EXERCISE AIM: Could every line of the listing be output exactly, with the pictures skipped?

DATA BELOW:
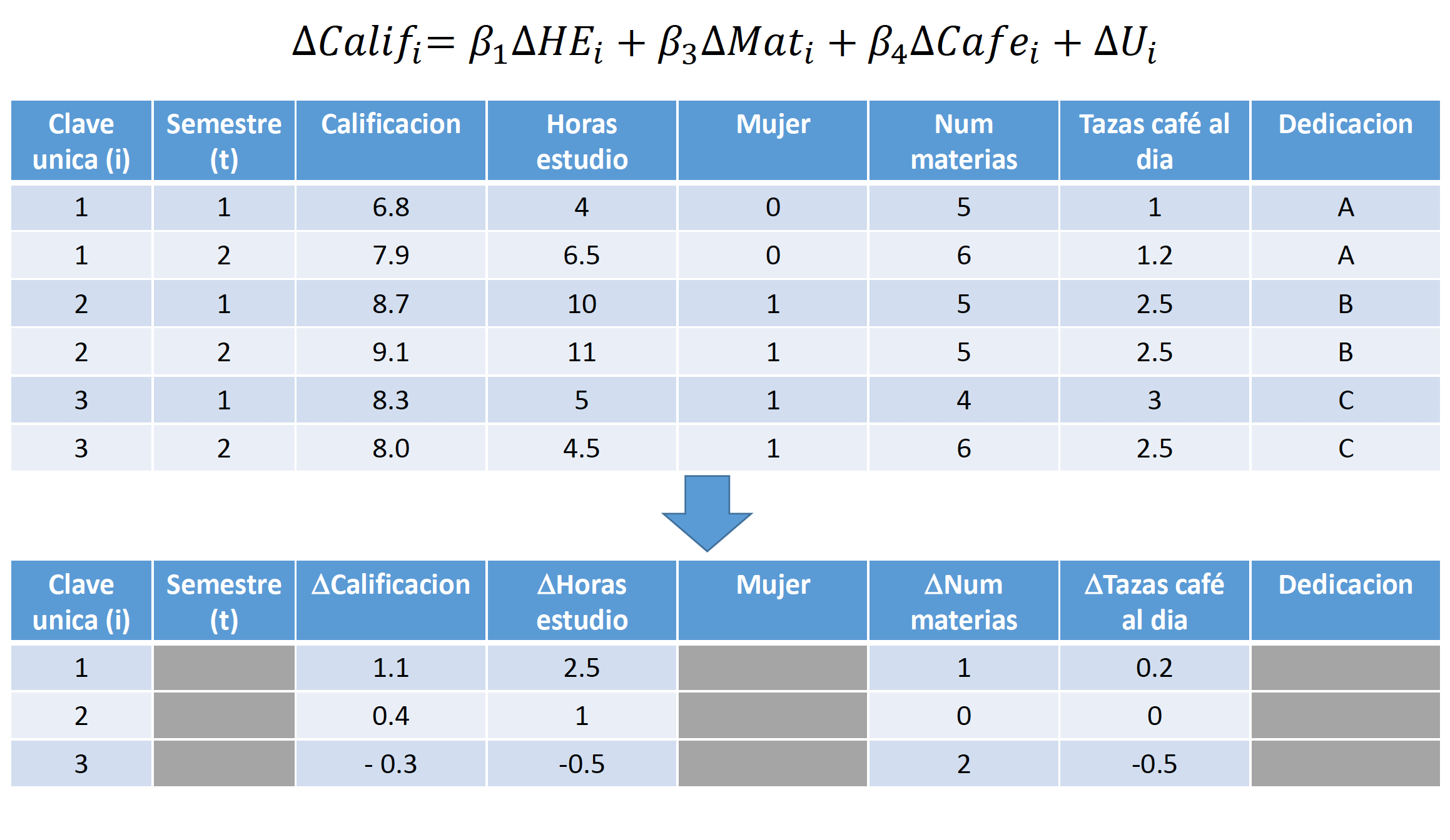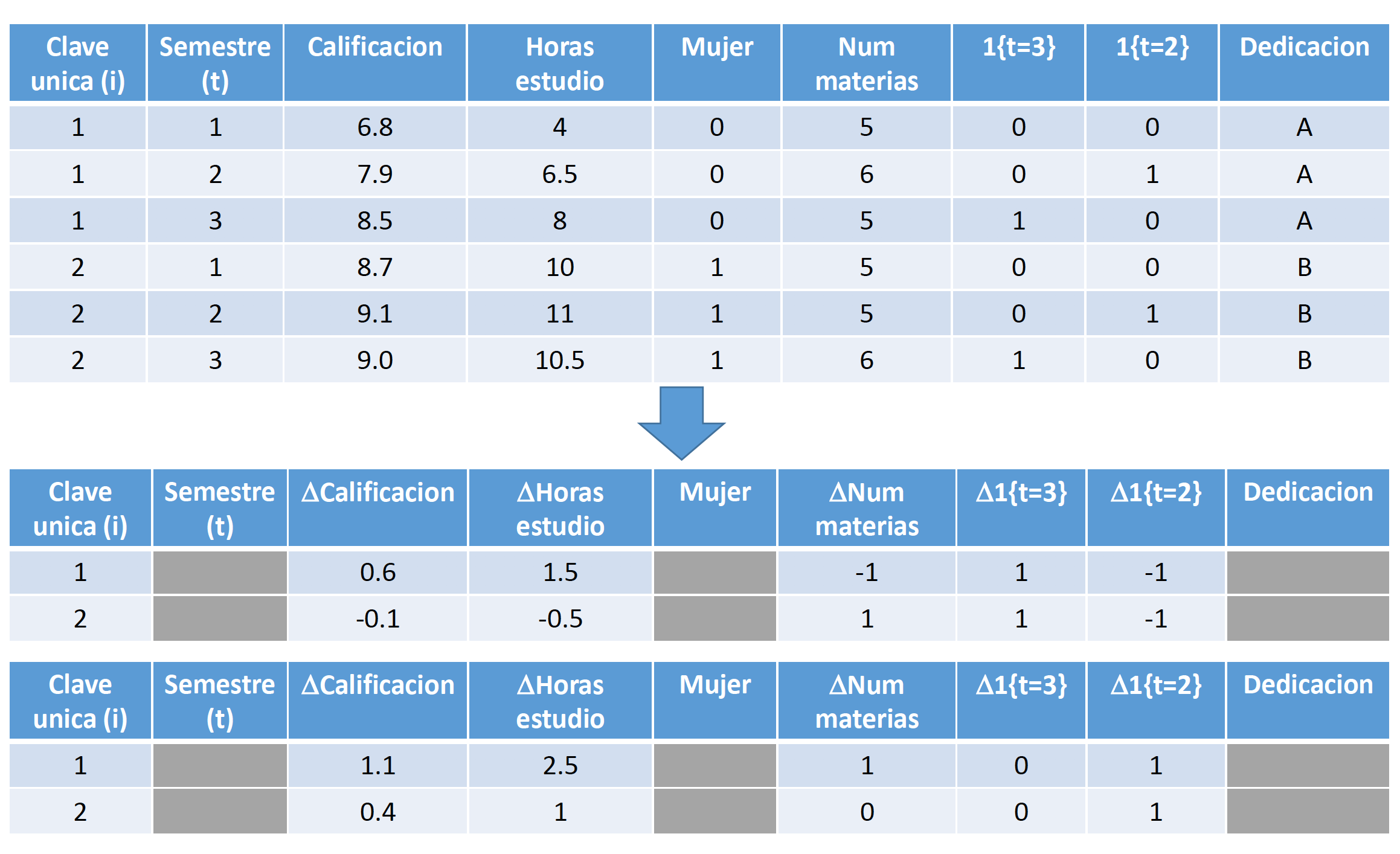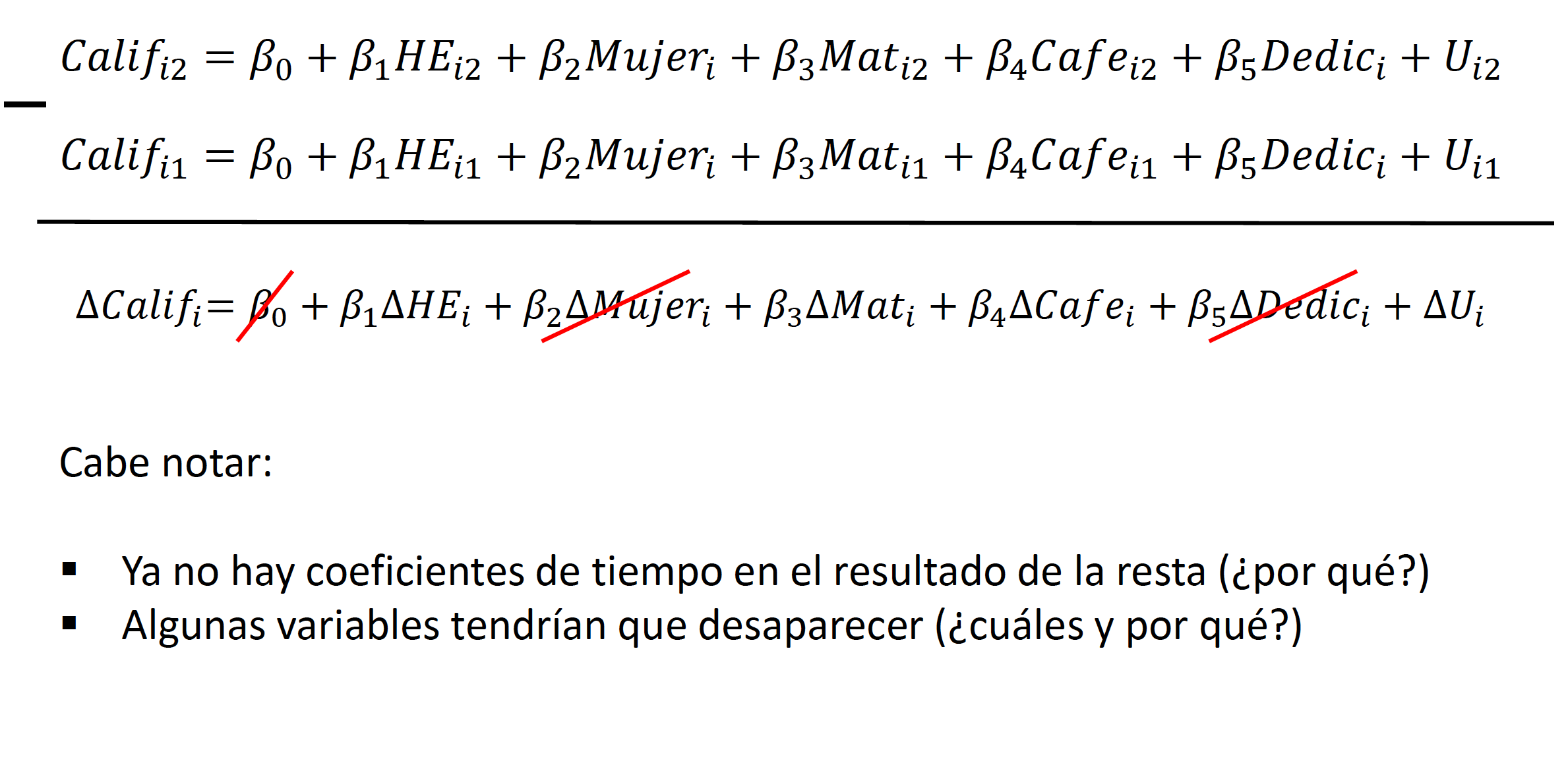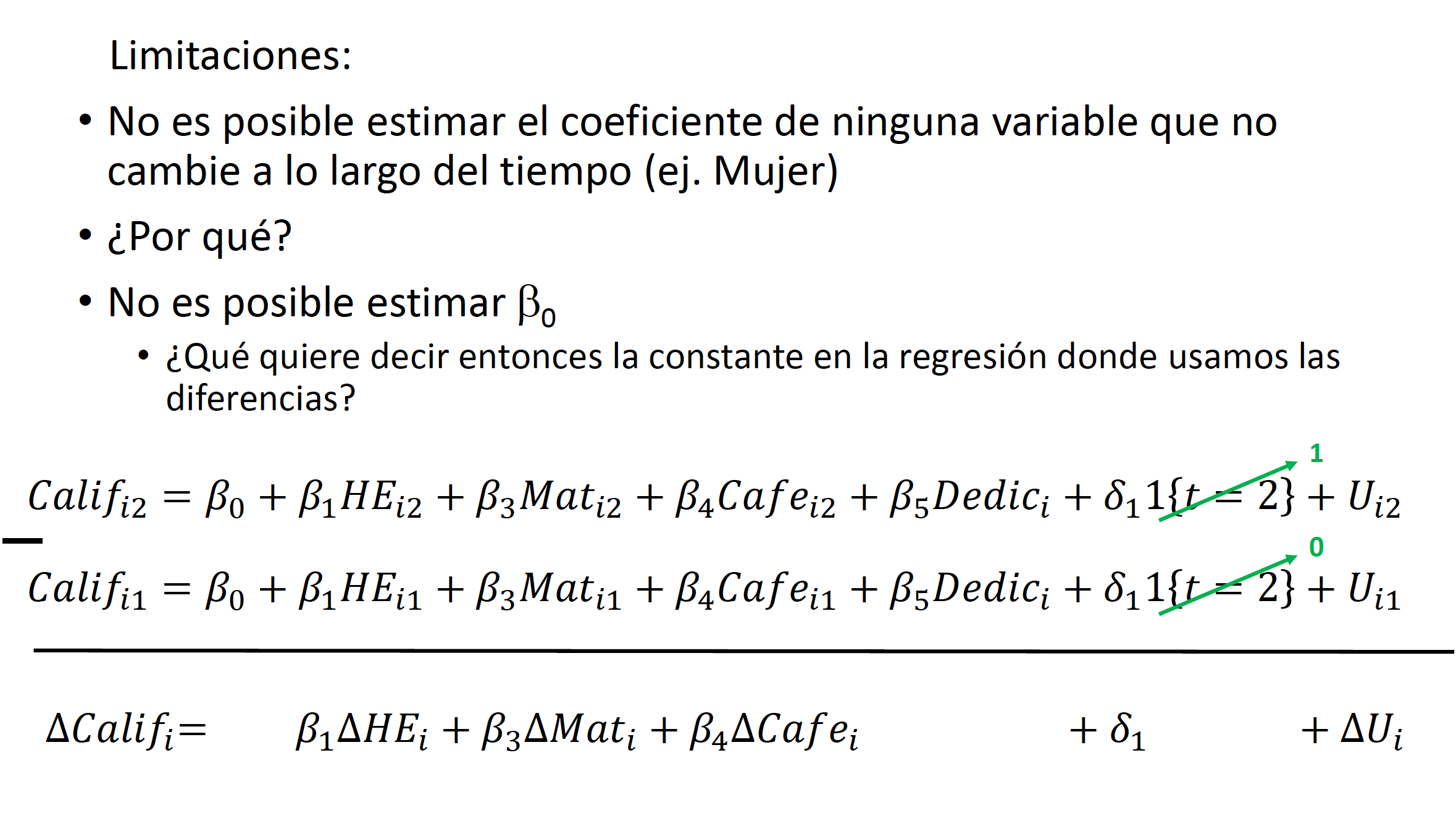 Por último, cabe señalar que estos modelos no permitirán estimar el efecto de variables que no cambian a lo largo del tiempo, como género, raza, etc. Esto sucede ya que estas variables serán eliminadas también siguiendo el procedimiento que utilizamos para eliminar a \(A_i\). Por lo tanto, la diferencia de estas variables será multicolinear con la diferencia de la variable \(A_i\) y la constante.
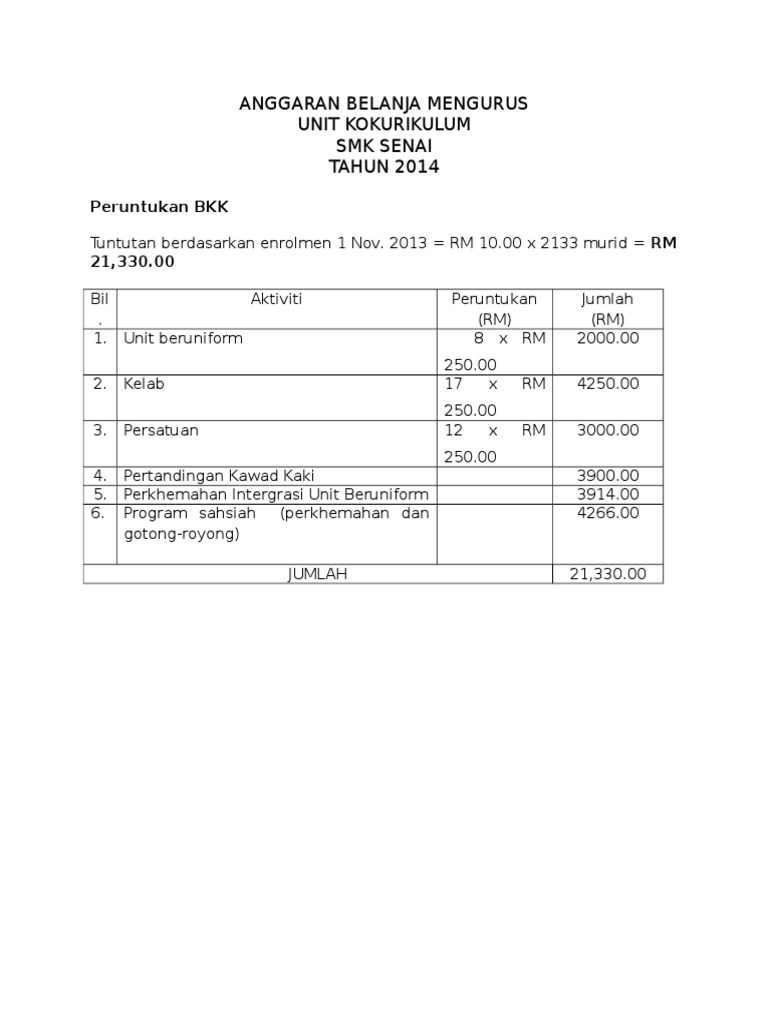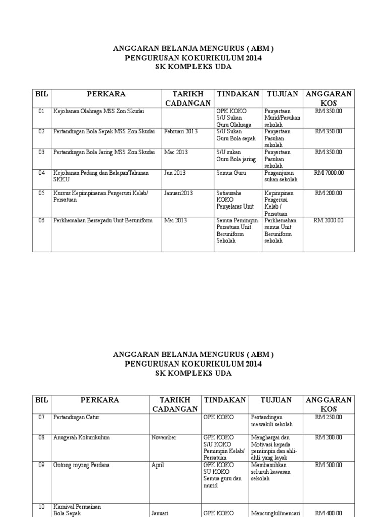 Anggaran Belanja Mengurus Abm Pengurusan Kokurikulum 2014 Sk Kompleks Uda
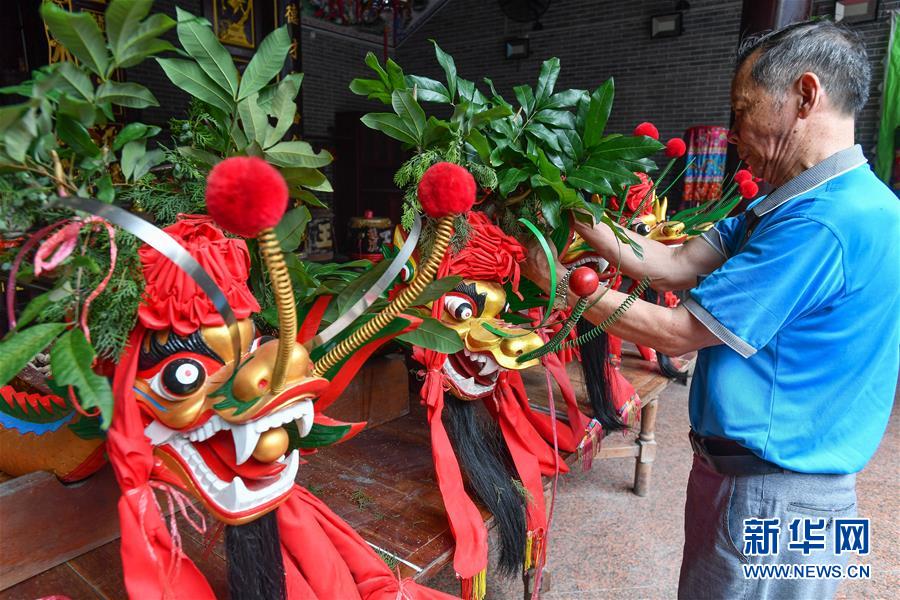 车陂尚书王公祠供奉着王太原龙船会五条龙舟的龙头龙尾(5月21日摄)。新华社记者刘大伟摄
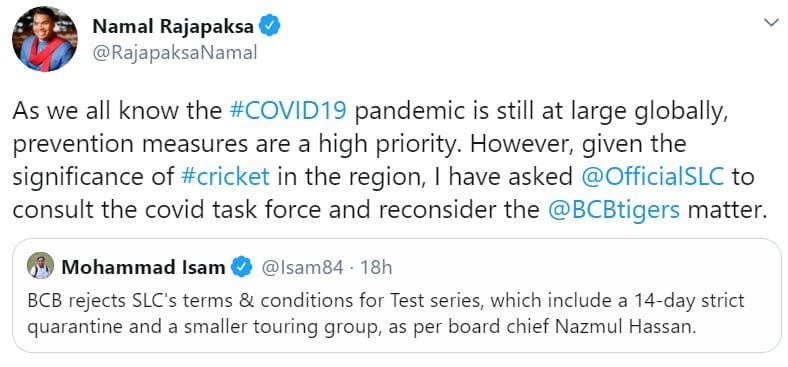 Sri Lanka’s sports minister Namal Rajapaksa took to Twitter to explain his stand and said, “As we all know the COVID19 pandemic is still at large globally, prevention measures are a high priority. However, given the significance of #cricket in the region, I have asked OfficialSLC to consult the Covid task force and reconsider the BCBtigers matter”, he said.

EXPECTED ANSWER:
 Por último, cabe señalar que estos modelos no permitirán estimar el efecto de variables que no cambian a lo largo del tiempo, como género, raza, etc. Esto sucede ya que estas variables serán eliminadas también siguiendo el procedimiento que utilizamos para eliminar a \(A_i\). Por lo tanto, la diferencia de estas variables será multicolinear con la diferencia de la variable \(A_i\) y la constante.
 Anggaran Belanja Mengurus Abm Pengurusan Kokurikulum 2014 Sk Kompleks Uda
 车陂尚书王公祠供奉着王太原龙船会五条龙舟的龙头龙尾(5月21日摄)。新华社记者刘大伟摄
 Sri Lanka’s sports minister Namal Rajapaksa took to Twitter to explain his stand and said, “As we all know the COVID19 pandemic is still at large globally, prevention measures are a high priority. However, given the significance of #cricket in the region, I have asked OfficialSLC to consult the Covid task force and reconsider the BCBtigers matter”, he said.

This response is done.